Precisamente por eso quiero innovar en esa tradición “victimista”. En uno de mis primeros viajes a Italia me llamó la atención la proliferación de monumentos, placas de mármol y de bronce, señalamientos de lugares donde habían sido abatidos los partigiani y otros opositores al régimen de Mussolini. De repente surgió en mí la pregunta: ¿es que en este país todos fueron opositores heroicos al régimen? ¿Es que en Italia no hubo fascistas? Conocedor de un poco de historia a la vez que espectador de muchos noticieros y películas documentales de la época, lo que veía contrastaba con lo que sabía de multitudes aclamando al Duce, de censores, delatores, esbirros, adherentes a las leyes raciales y cómplices nada silenciosos de la dictadura. Era como en el célebre chiste de los hermanos Marx pero necesitaba invertir los términos: ¿debía creer en lo que veía o en lo que sabía de antes? ¿No eran los ojos los que me engañaban con tanto memorial en piedra y me robaban la historia verdadera para ofrecerme en cambio una de cartón pintado, la de un país de resistentes? ¿Qué iniquidades se guardaban en la memoria de quienes ordenaban construir y grabar en letras indelebles la gesta de los resistentes e incluso en la de los obreros, lapidarios y albañiles que habían erigido esos monumentos? ¿Cuántos de ellos formaron parte de las juventudes fascistas y habían cantado Giovinezza? ¿Qué les había pasado y qué pensaban y decían hoy los cientos de miles que se reunieron en Roma para aclamar a Hitler en el día de su visita a Mussolini? ¿Quiénes fueron y dónde estaban los no pocos verdugos que ejecutaron a las víctimas heroicas de la resistencia? ¿Cuál es la memoria de los que se vestían con camisas negras?
En Austria y Alemania Federal, en esos años sesenta y comienzos de los setenta, sin embargo, el panorama era distinto: se notaba el inmenso esfuerzo en marcha para maquillar y ocultar el pasado: el arduo trabajo para reconstruir esos países no daba lugar a la conmemoración de las víctimas... y en cuanto a los verdugos... parecía que nunca los hubo. En Alemania “Democrática” (es decir, comunista) los memoriales, en cambio, abundaban, pero, curiosamente, no estaban dedicados a los alemanes que combatieron contra el nazismo sino a recordar a los caídos en la lucha del Glorioso Ejército Rojo que se habían ofrendado en sacrificio para derrotar al totalitarismo. Décadas más tarde, ya en nuestro tiempo, encuentro que el paisaje urbano de hoy se parece al que me impresionó antes en Italia: las sinagogas se han reconstruido de manera fastuosa, hay monumentos y museos al Holocausto y el cementerio de Berlín dedicado a las víctimas del odio racial, en pleno centro de la ciudad y del que arranca una calle que lleva el nombre de Hannah Arendt es una de las mayores y más logradas obras del arte memorial en el mundo. Pero la pregunta subsiste: ¿dónde estaban en los años del nazismo los que hoy honran a los mártires? ¿Qué recuerdos se preservan en las cabezas de los ancianos con los que uno se cruza en las calles?

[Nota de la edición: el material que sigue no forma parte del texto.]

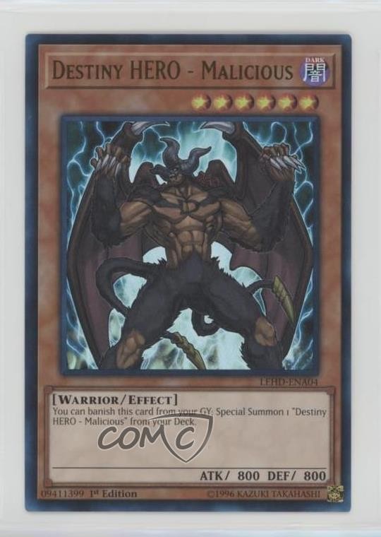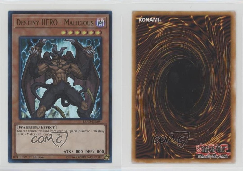 2018 Yu-Gi-Oh! Legendary Hero Decks - [Base] - 1st Edition #LEHD-ENA04 Destiny HERO - Malicious (Semi-limited) COMC Item: 89975057 - YuGiOh Card Search for more: 2018 Yu-Gi-Oh! Legendary Hero Decks Search for more: 2018 Yu-Gi-Oh! Legendary Hero Decks - [Base] - 1st Edition View all of our Listings Auctions Buy It Now About Us Located in the beautiful Pacific Northwest, COMC (Check Out My Cards) is the world's largest consignment service for trading card singles. More than 10,000 people have used our consignment service to list over 50 million trading cards. Find out how we can help you consign your items on eBay by contacting us through eBay messaging. COMC -- "The Safe & Easy Way to Buy & Sell" Raw Condition for Modern Cards Unless otherwise noted, raw modern cards are listed in Near Mint-Mint condition or better. A NM-MT card appears to be Mint at first glance, but upon closer inspection, may exhibit some of the following: minor print defects (e.g. roller marks, print line, dimple), minor scratches, slight edge wear, and slight corner wear. Centering is clearly visible in the images provided and does not factor into our condition assessment. Raw Condition for Vintage Cards Unless otherwise noted, raw vintage cards are listed in Excellent condition or better. An EX card may exhibit some of the following: minor rounding of corners, surface wear, print defects, light scratches, and slight edge wear/chipping. Centering is clearly visible in the images provided and does not factor into our condition assessment. Domestic Shipping Combined shipping for multiple items is available. To receive combined shipping, please ensure all desired items are in your eBay shopping cart before proceeding to checkout. eBay limits orders to 40 items per order. We automatically combine multiple orders placed on the same day. If you place multiple orders on the same day, please contact us to request a refund of applicable shipping costs. Signature confirmation may be required on invoices over $400. All cards are protected and shipped securely. International Shipping COMC offers eBay's International Shipping (EIS) for international orders under $2,500* (see country exceptions below). All duties and import fees are paid at checkout; in the rare event that there are additional import fees upon delivery, these are borne by the buyer. EIS packages route through a shipping hub in Erlanger, KY before shipping to their final destination. Please note that EIS does not allow for combined shipments. The shipping rates are determined by eBay and cannot be adjusted. *Maximum sale price exceptions: Colombia, Kuwait ($2,000); Taiwan ($1,539); Chile, Costa Rica, Guatemala, Honduras, Trinidad and Tobago ($1,000); Antigua and Barbuda, Aruba, Belize, Dominica, Grenada, Philippines, Saint Kitts and Nevis, Saint Lucia, Montserrat, Turks and Caicos Islands ($500); Dominican Republic, El Salvador ($200). Please request a shipping quote through eBay messaging for orders that exceed the maximum sale price supported by eBay's International Shipping. You will be responsible for all duties and import fees for international orders shipped outside the EIS. All cards are protected and shipped securely. Payment COMC does not accept offers on our cards through our eBay storefront. COMC utilizes eBay’s managed payments system. If you are experiencing difficulties making a payment, please contact eBay for assistance. Return Policy Returns are only accepted on the rare occasion the item is not as described. If you are making a return, please initiate the return process through eBay so a mailing label can be provided for you. Prior to listing, our expert team carefully assessed this item to represent it accurately. Please review the description and high-definition images prior to purchasing to ensure this item meets your satisfaction. We welcome you to contact us if you have further questions about this item. Trust and Integrity COMC carefully assesses each item consigned to us to prevent fraudulent items from entering the marketplace. If you believe an item offered on COMC may be fraudulent, please contact us with details so we can investigate the issue. Items we determine are outside our supported items policy may be removed. Last Modified: 5/30/2025 11:44:07 PM PDT
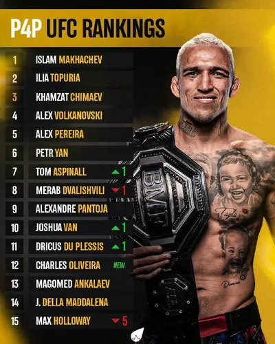 🔥Обновлённый рейтинг P4P: 💬 Чарльз Оливейра вернулся в рейтинг P4P, заняв 12-ю строчку. Макс Холлоуэй опустился на последнюю, 15-ю строчку, заняв место Армана Царукяна, который выбыл из данного рей
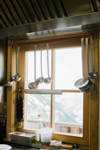 Abends besteht das Menü aus 3 Gängen, vegetarische Gerichte sind selbstverständlich. Versorgt wird das Haus 3x jährlich per Hubschrauber, was dabei nicht mit raufgebracht wird, muss zu Fuß geschleppt werden. Wasser kommt aus einer Quelle 700 m entfernt, es wird in das Haus gepumpt.

Pasadas las dictaduras, derrotados los ejércitos imperiales como los de Alemania o Japón, desorganizadas las estructuras policiales de Europa oriental, España, el Cono Sur de América, aunque sus agentes sigan los mismos individuos que antes fueron “guardianes del orden”, sobreviene un periodo en donde millones de hombres y mujeres son forzados de manera misteriosa a ocultar con cuidado su memoria, maquillarla o hasta inventar actos de resistencia que pretenden esconder un pasado que la historia ha vuelto vergonzoso. Los papás deben mentir ante la pregunta “¿Qué hiciste tú en la guerra?”, y los hijos son esos “nacidos culpables” que arrastran la imposibilidad de recordar de la generación anterior. “De eso no se habla.” Cuando un schreckliches Mädchen, una nasty girl, quiere investigar el pasado de su pequeña ciudad de Passau en Baviera, es tratada como un peligro para la población pues el “milagro alemán” tan patente se basa en el ocultamiento de las actuaciones criminales de los ahora pilares de la nueva sociedad.
Fue así como llegué a preguntarme por los destinos de la memoria no de las víctimas que dominan la escena con la narración de las ordalías a las que fueron sometidas sino la de quienes de manera activa habían ejercido la violencia asesina y genocida o que habían tolerado desde una pasividad cómplice los nefastos acontecimientos del pasado reciente. Ya se sabe: para el psicoanalista no hay tema más provocador que aquello de lo que no se puede hablar.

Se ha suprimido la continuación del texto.